The Divinity School Center for Reconciliation and Duke Initiatives in Theology and the Arts co-hosted the Ekklesia Contemporary Ballet at the invitation of Ellen Davis, Ph.D., Amos Ragan Kearns Professor of Bible and Practical Theology, on March 8. The ballet company performed interpretations of Psalms at a Goodson Chapel service and shared insights on the intersection of dance and reconciliation during a lunch discussion.
The performance, titled “Roar of Nations,” was based on renditions of various Psalms on God’s comfort and God’s majesty over the nations. The dances were accompanied by readings in Hebrew by Davis and Laura Lieber, professor of religious studies at Duke University.
Kendall Vanderslice, M.T.S. ’19, who is completing a Certificate in Theology and Arts and helped moderate the lunch discussion with Ekklesia, said she first learned to value dance as a form of embodied prayer through her previous dance training. “Dance allows us to express with our bodies what we cannot put into words,” she said. “This is especially important for the church that is often skeptical of bodies.”
The lunch panel explored how dance can lead to a better understanding of the body and how it can inspire reconciliation.

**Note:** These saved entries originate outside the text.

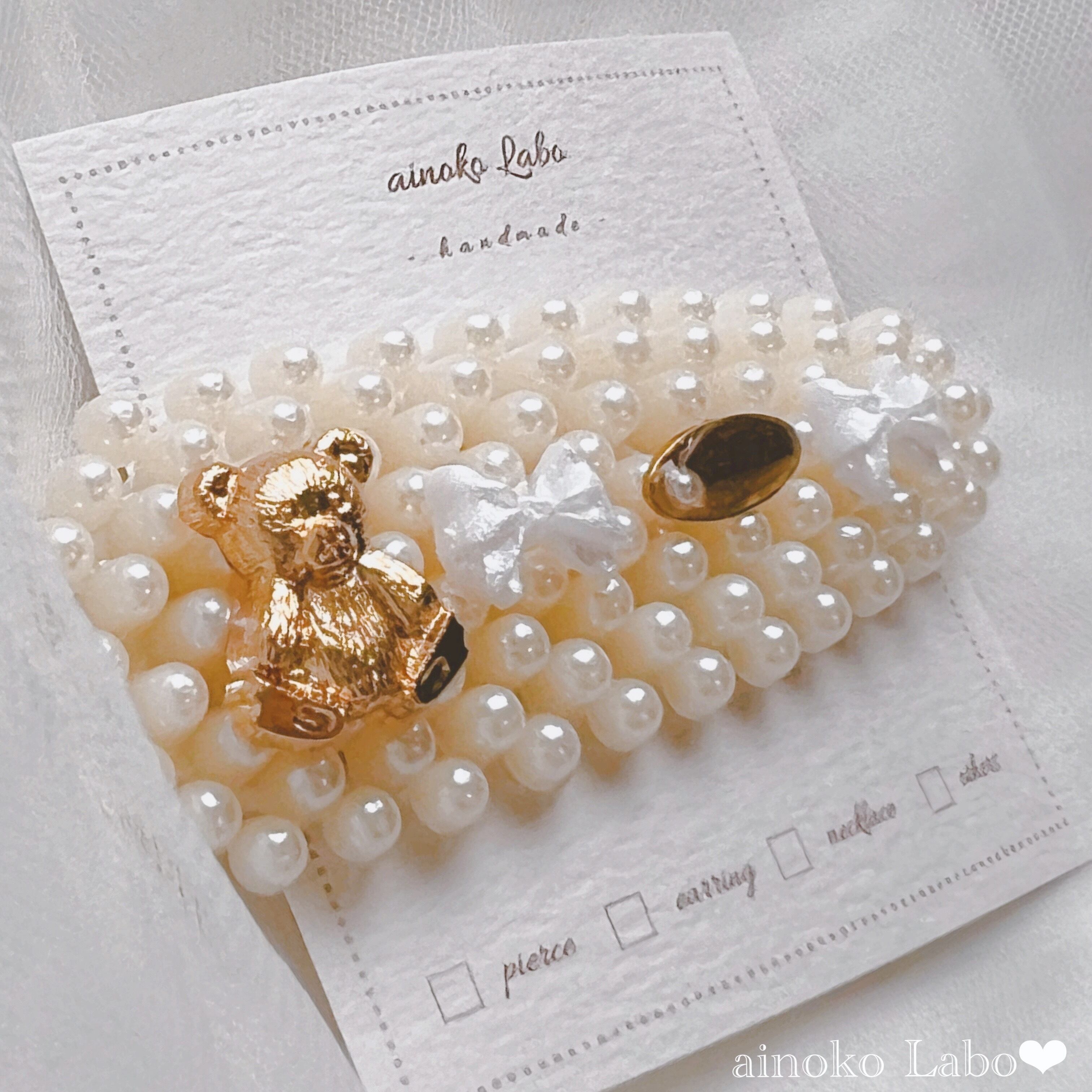 ✳︎ くまさんとパール Whiteリボン girlyぱっちんぴん ✳︎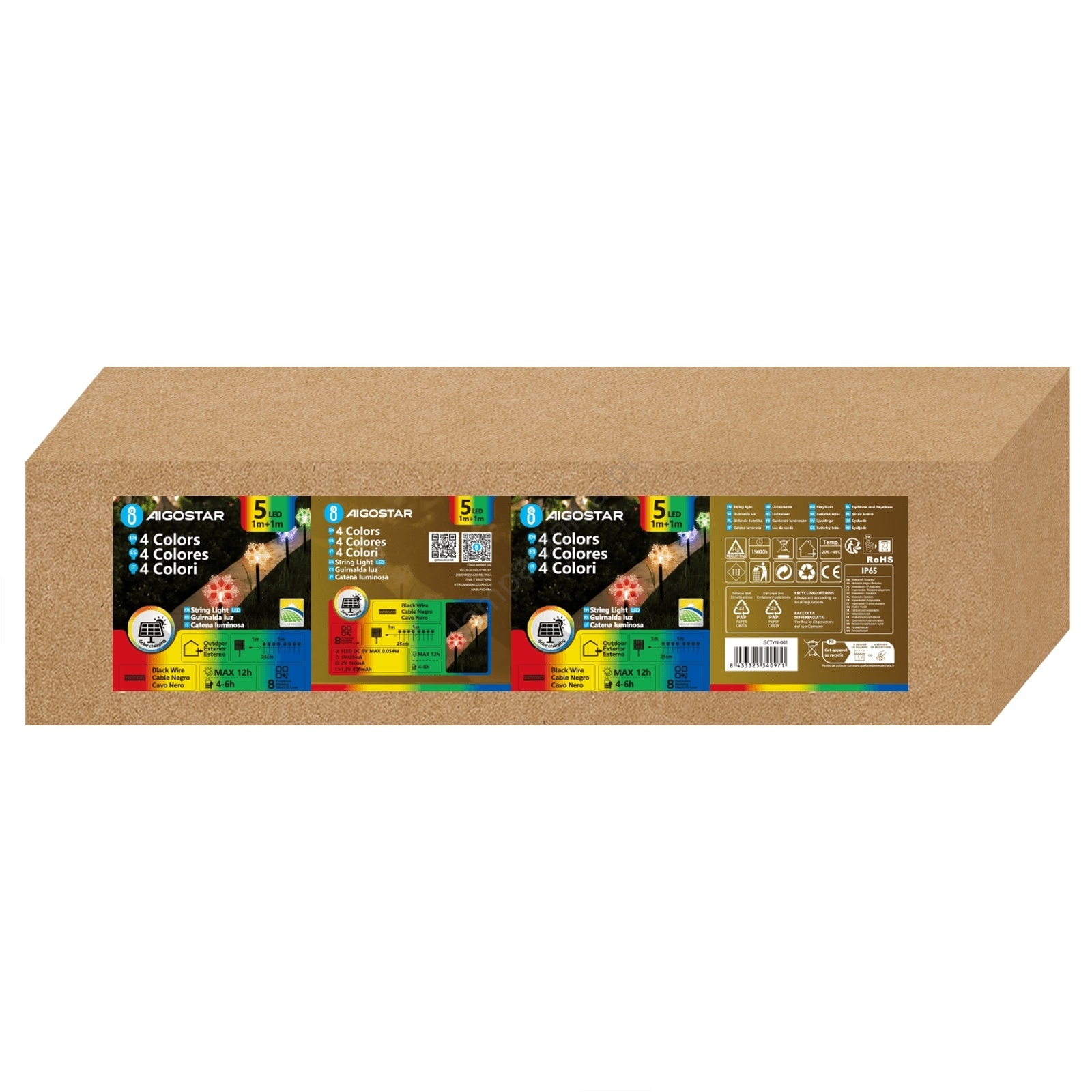 • Aigostar - Luminária Solar LED RGBY 5xLED/1,2V/8 funções 1m IP65 800mAh flocos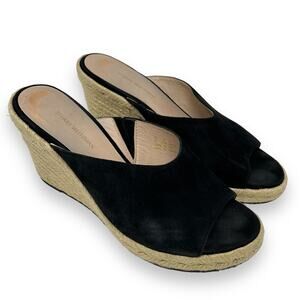 Stuart Weitzman Wonda Suede Wedge Sandal Women's 9.5 Black Espadrille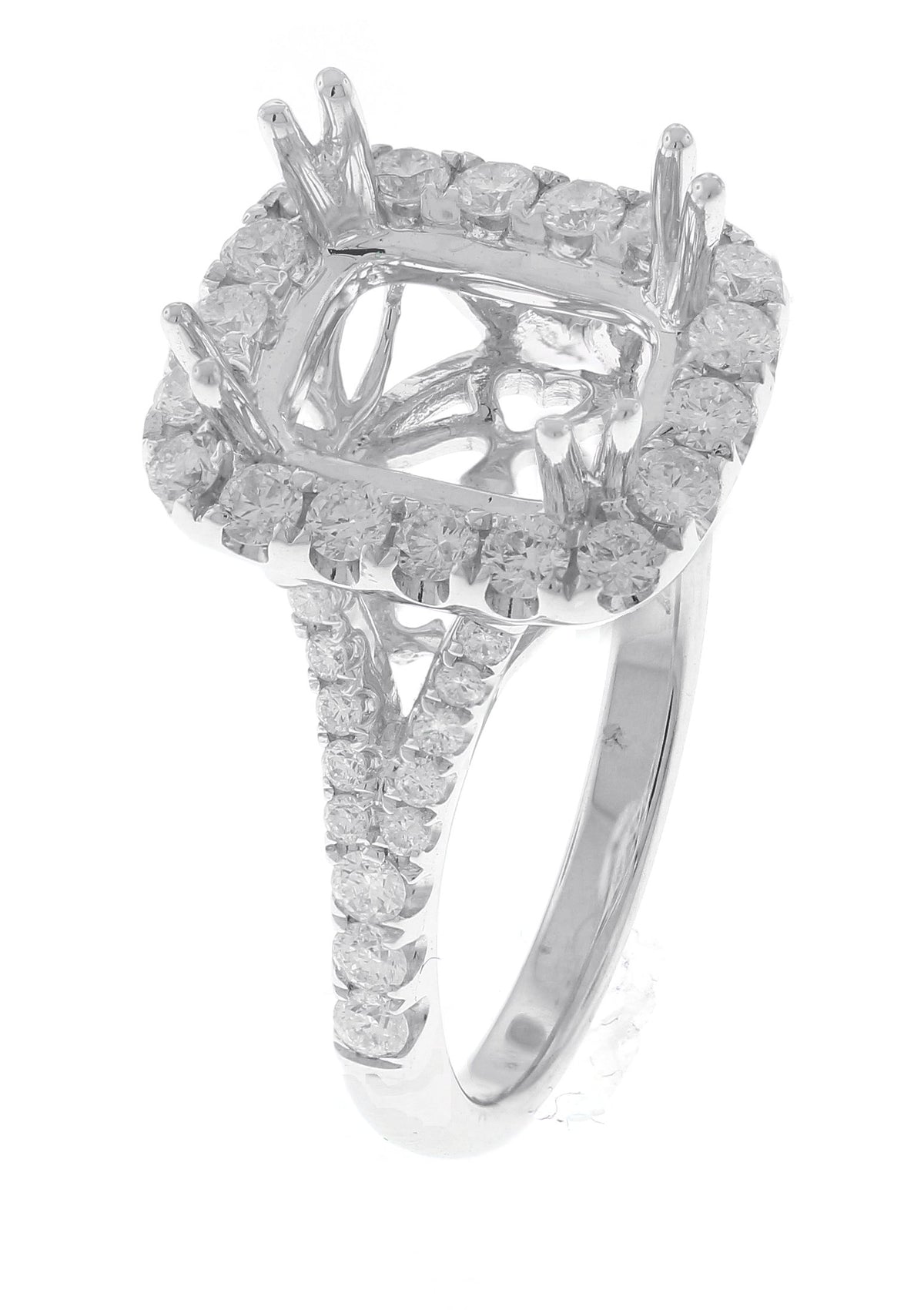 18kt white gold micro prong set round brilliant diamond 8 prong rectangular shaped halo semi-mount with split shank.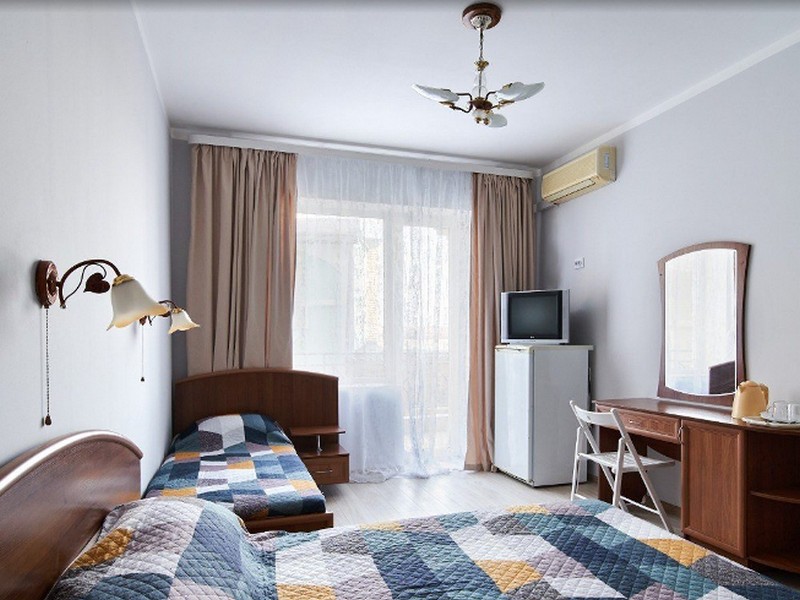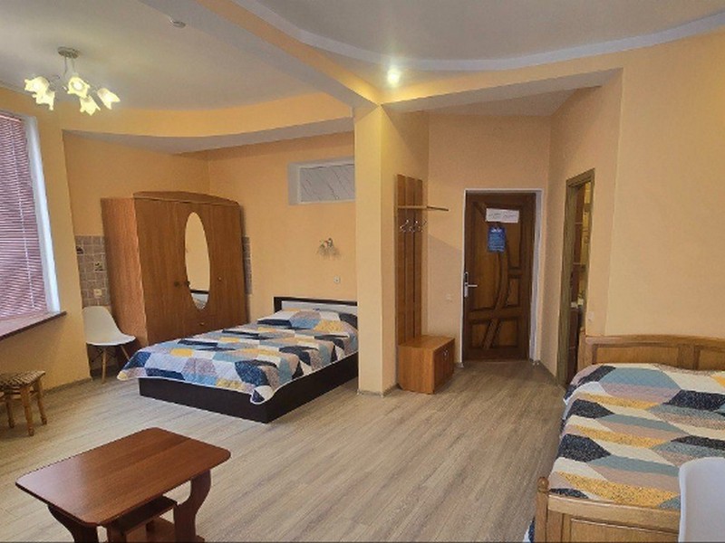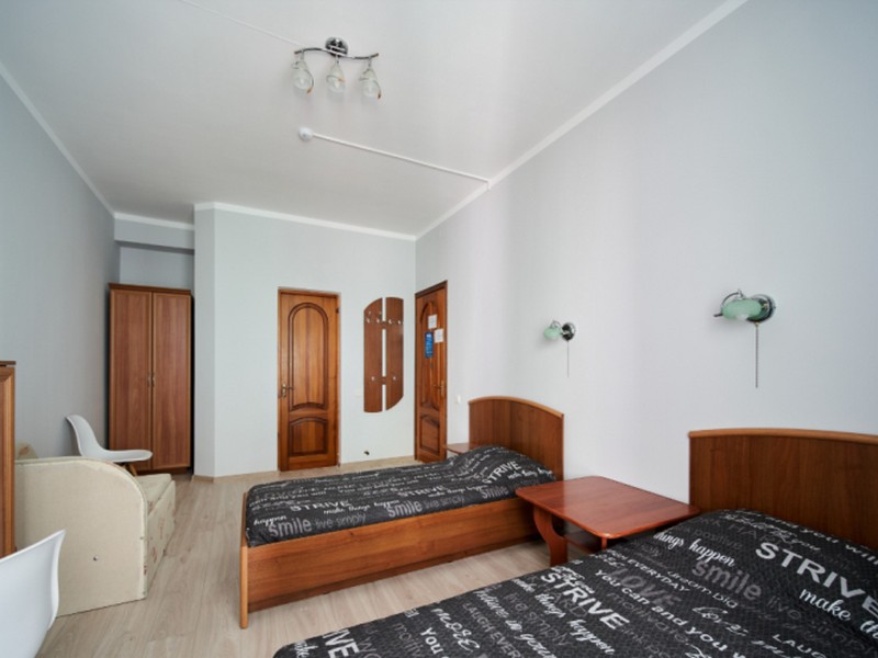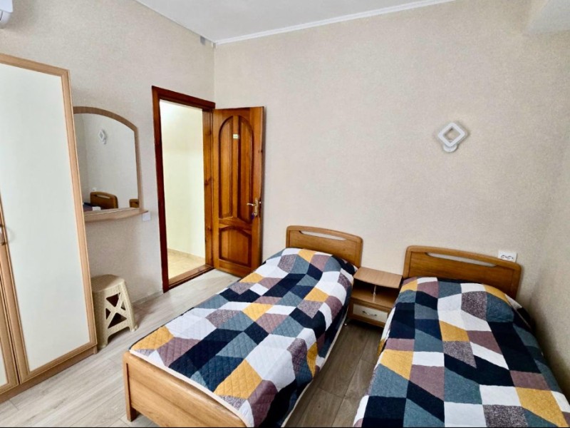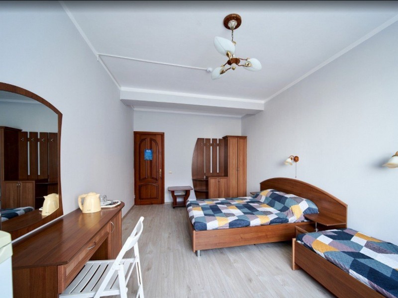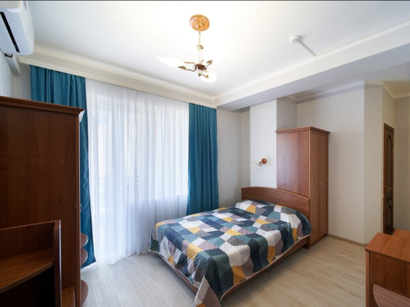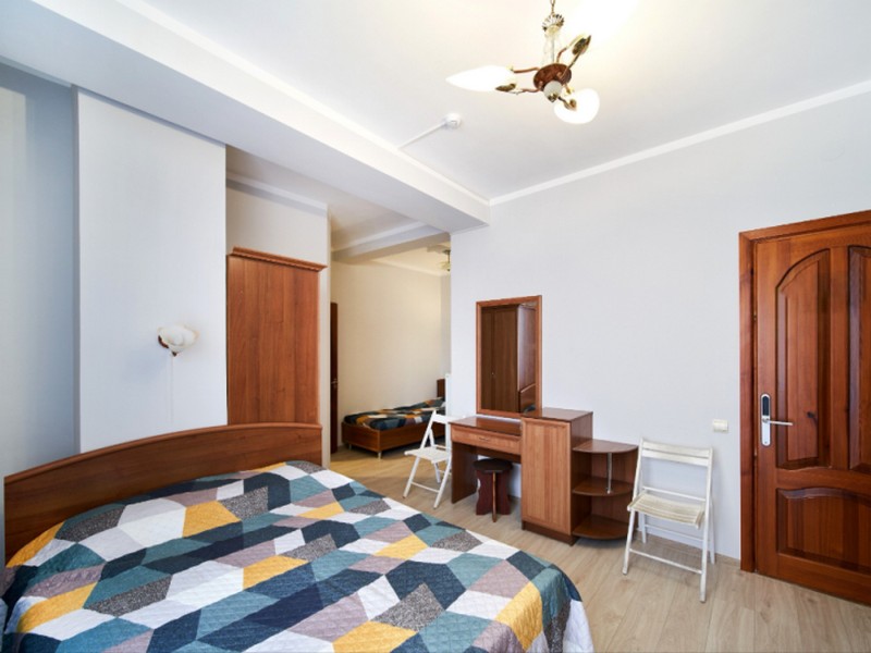 | Мебель: | односпальные и 2 двуспальные кровати, шкаф, трюмо, вешалка, зеркало |

Ekklesia Artistic Director Elisa Schroth said their performances is intended to inspire a call to action, whether it’s reconciliation with one another or in the world.
Said Vanderslice, “Reconciliation is not just an abstract form of healing—it involves the need for healing embodied relationships. Art, movement, and dance allow us to re-imagine the relationship of our bodies to one another, to creation, and to God as the reconciled relationships for which we strive.”
Ekklesia is based in Connecticut. Their repertory addresses issues such as poverty, inequality, and human suffering through transformative dance.